Imagine a dice game where you may repeatedly roll a die until you either decide to stop, or roll a 1, with the following payoff function (where k is the number on the die),
$f(k) = 0$ when $k=1$
$f(k) = k^2$ when $k>1$
So if on your nth roll you land $1$, you go home with nothing. If on your $n$th roll you land a $4$, you get $16$ USD, and can either decide to roll again or go home with the $16$ USD.

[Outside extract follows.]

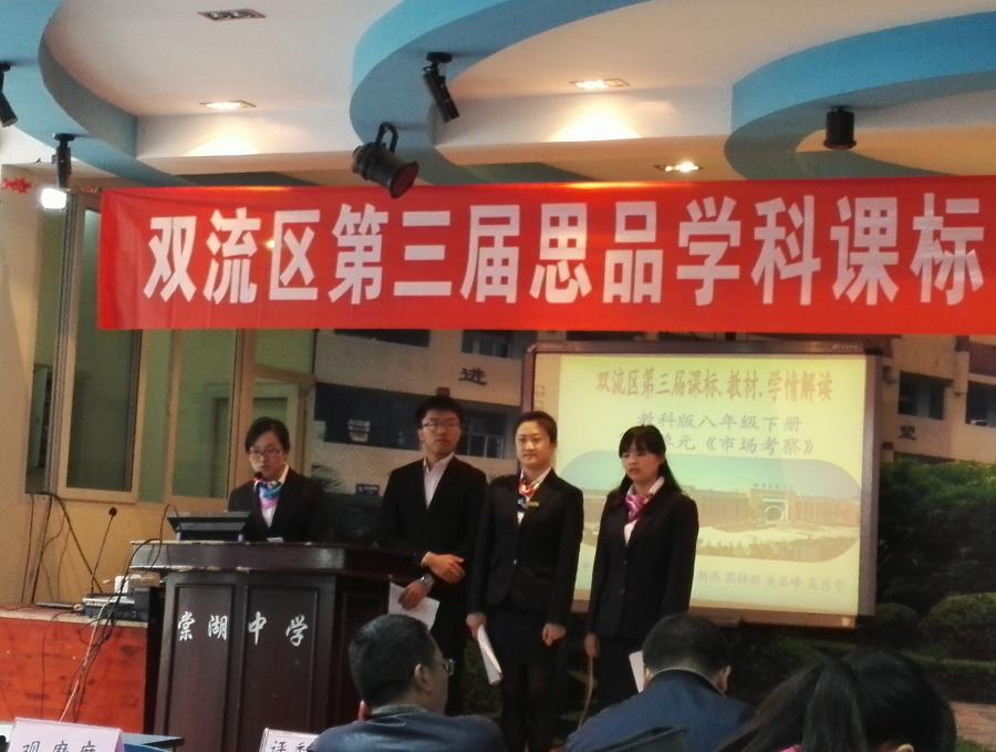 4月12日(星期二)上午,我校思品组八年级教师参加了在棠湖中学举行的双流区第三届思品学科课标.教材.学情解读大赛,本次解读的内容是教科版思想品德八年级下册第五单元《市场考察》。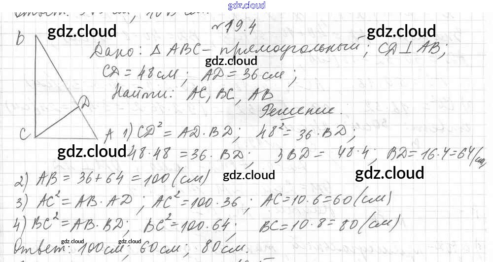 § 19. Метрические соотношения в прямоугольном треугольнике Ответы к Главе 4. Решение прямоугольных треугольников по Геометрии 8 класс Учебник Мерзляк Алгоритм успеха Углубленный уровень Вентана-граф

My question: how should I set up the optimal stopping problem, after I have written down the transition matrix (making this into a Markov Process with each state space corresponding to the number I land)? Any hints would be appreciated, thank you
Suppose you have rolled a $4$, which gives a payout of $16$, should you roll again? The probability of getting a $j \in \{4,5,6\}$ later in the game is rolling $n$ times a $2$ or $3$ and then a $j$ for any $n \in \mathbb{N}$, which gives $$\mathbb{P}(\textrm{getting a }j)=\sum_{n=0}^\infty \frac{1}{3^n} \frac{1}{6}= \frac{1}{6} \frac{3}{2} = \frac{1}{4}.$$ So you have a $\frac{1}{4}$ chance of getting a lower payoff, and a $\frac{3}{4}$ chance of getting a better or equal payoff, which gives a payoff of $$ \frac{1}{4} ( 16+25+36) = \frac{77}{4} > 16.$$ So it seems like you should continue rolling.
If you get a $5$, at the same way you get by continuing to roll an average payoff of $$ \frac{1}{3}(25+36) = \frac{61}{3} < 25.$$ So if you get a $5$, you should stop.
Thus the optimal strategy is to keep rolling till you have at least rolled a $5$, and then stop.